Provided data:
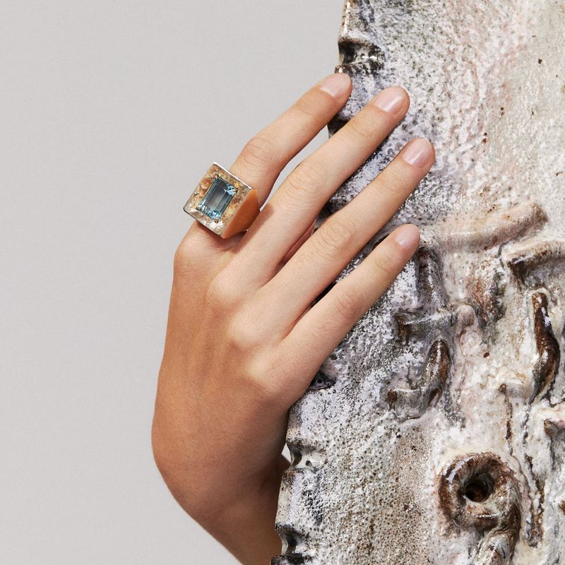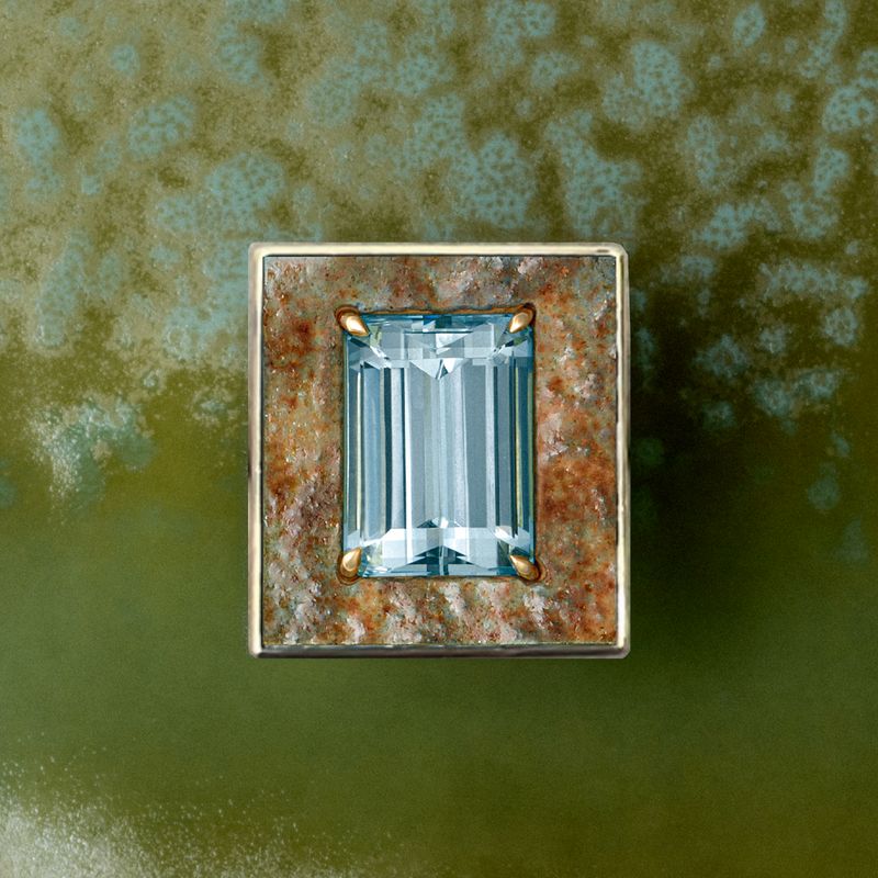 18k yellow gold ring with Brennand's ceramics and aquamarine.
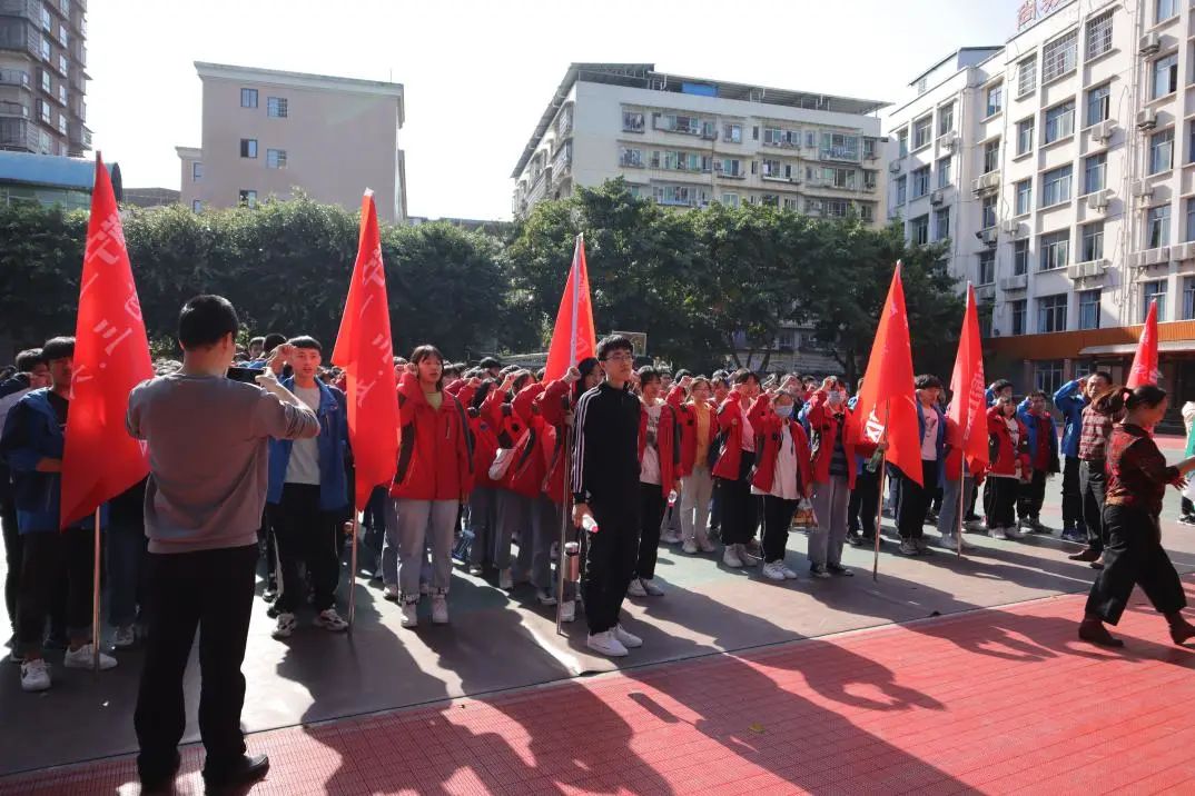 14:20整队集合,校长潘明英亲自为年级组长和7个班级的班长授旗,鼓励孩子们参加有氧运动,挑战自我,希望同学们不畏艰难,用脚步去丈量生命的精彩!分管领导、副校长肖待春作动员讲话:“‘身体是革命的本钱!只有优秀的成绩已经不能胜任日益激烈的竞争,还要我们拥有健康的体魄、坚强的意志!。”随后,年级主管主任王燕琼对活动提要求、学生代表何彩馨宣誓、体育老师为孩子们加油。
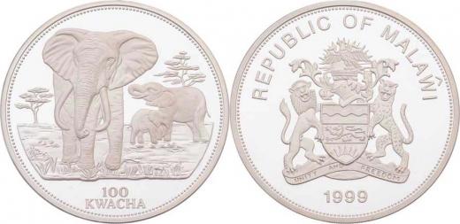 100 Kwacha 1999 - sloni, KM.neuvádí (patrně Ag999, 1000g), vl.rysky, kapsle RR!
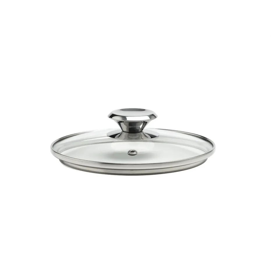 Son couvercle en verre permet de surveiller facilement la cuisson et de l’ôter si besoin grâce à sa poignée bouton.
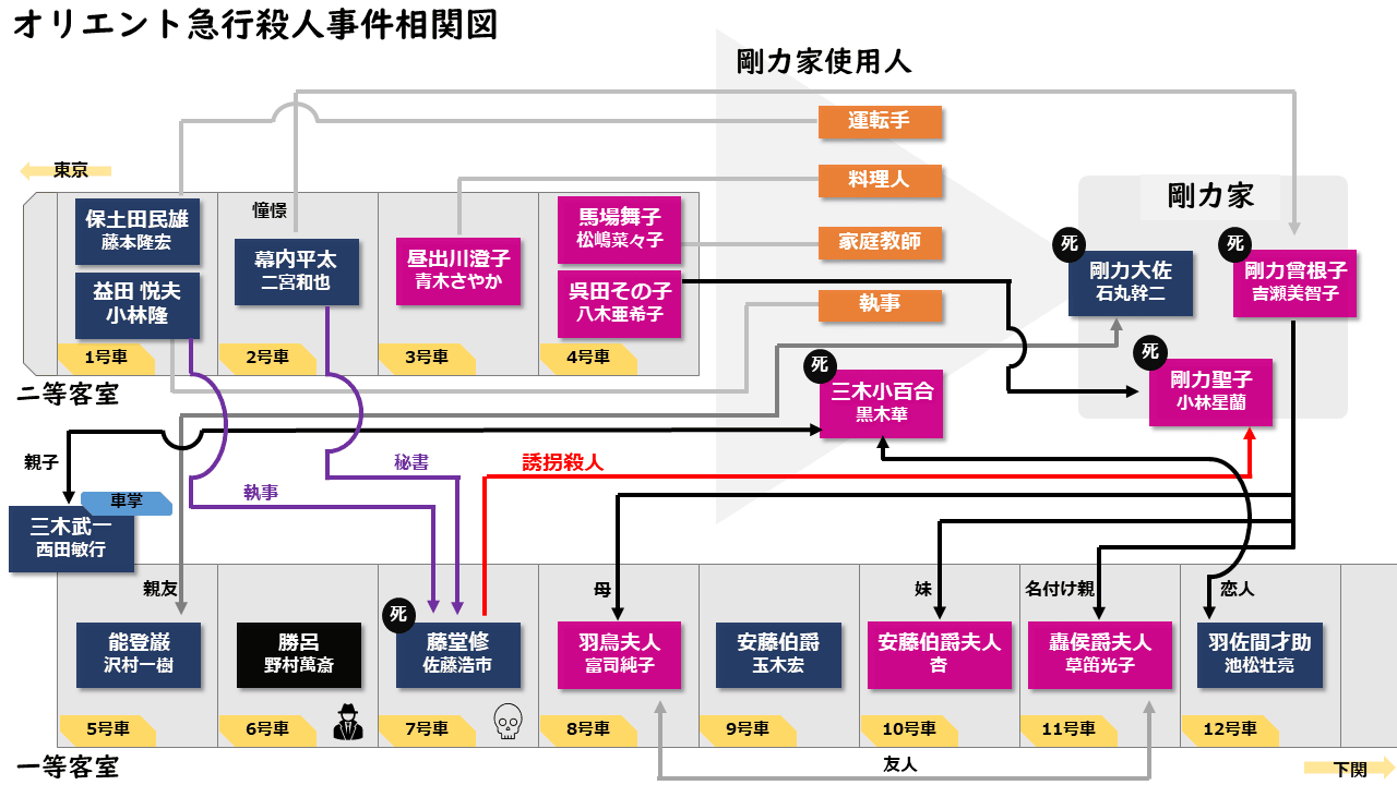 登場人物の関係を下の画像のようにまとめました。真相が明らかになった後の相関図となっています。相関図は特急東洋の乗客が、どのように剛力家と繋がっていたかをまとめたような内容となっています。
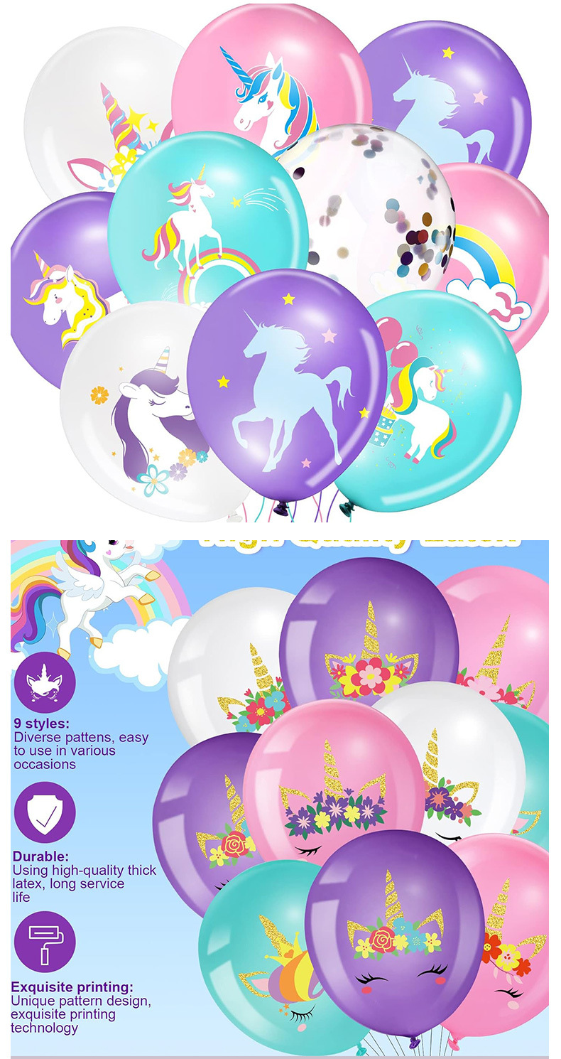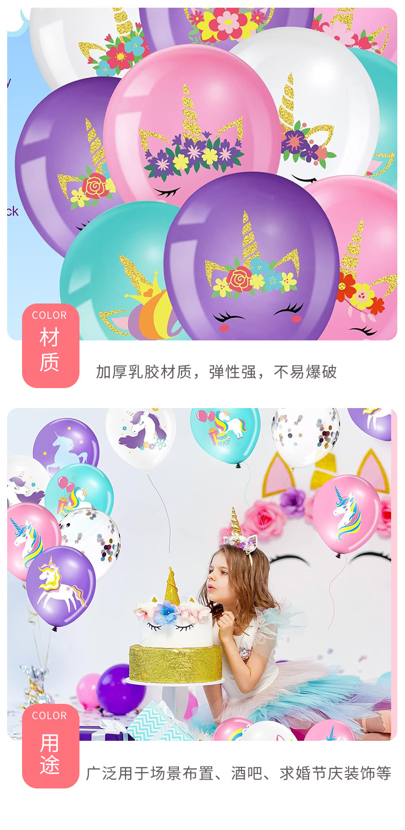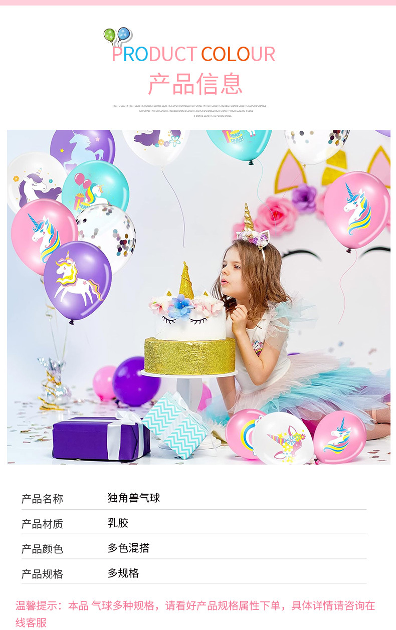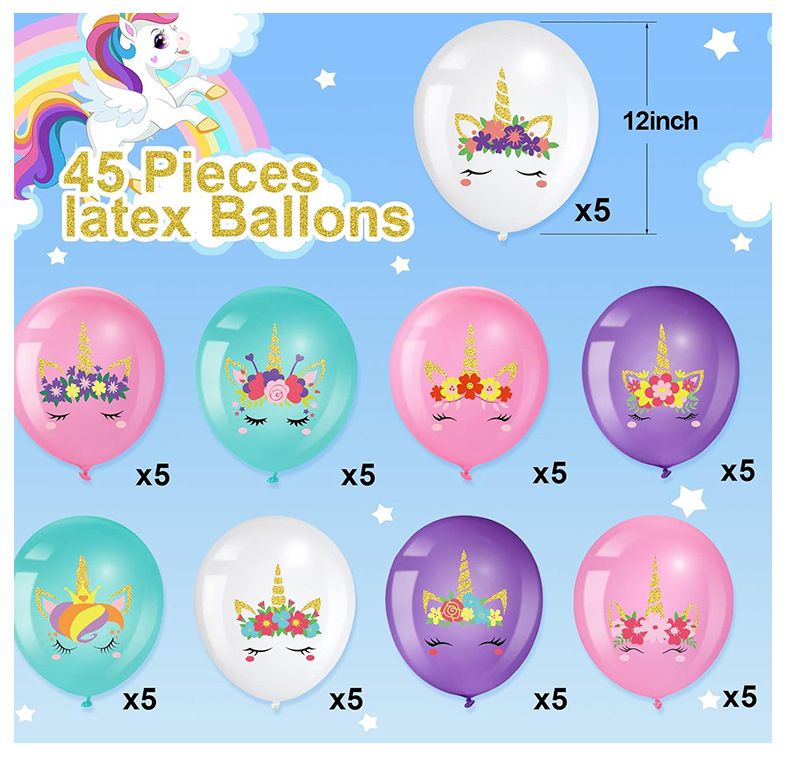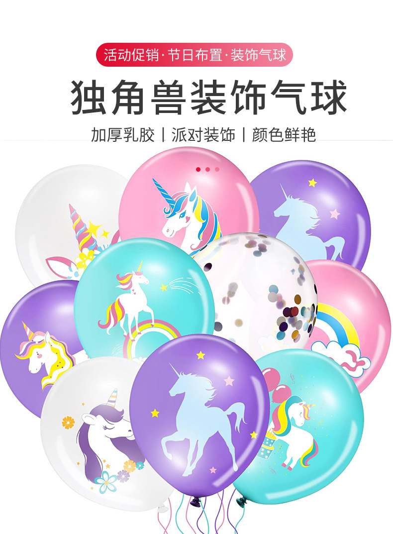 유니콘 테마 풍선 생일 파티 장식 장면 레이아웃 용품 12inch 라텍스 만화 풍선 세트

Work task:
Please repeat each line above exactly as it appears, but omit the pictures.

Result for this exercise:
 18k yellow gold ring with Brennand's ceramics and aquamarine.
 14:20整队集合,校长潘明英亲自为年级组长和7个班级的班长授旗,鼓励孩子们参加有氧运动,挑战自我,希望同学们不畏艰难,用脚步去丈量生命的精彩!分管领导、副校长肖待春作动员讲话:“‘身体是革命的本钱!只有优秀的成绩已经不能胜任日益激烈的竞争,还要我们拥有健康的体魄、坚强的意志!。”随后,年级主管主任王燕琼对活动提要求、学生代表何彩馨宣誓、体育老师为孩子们加油。
 100 Kwacha 1999 - sloni, KM.neuvádí (patrně Ag999, 1000g), vl.rysky, kapsle RR!
 Son couvercle en verre permet de surveiller facilement la cuisson et de l’ôter si besoin grâce à sa poignée bouton.
 登場人物の関係を下の画像のようにまとめました。真相が明らかになった後の相関図となっています。相関図は特急東洋の乗客が、どのように剛力家と繋がっていたかをまとめたような内容となっています。
 유니콘 테마 풍선 생일 파티 장식 장면 레이아웃 용품 12inch 라텍스 만화 풍선 세트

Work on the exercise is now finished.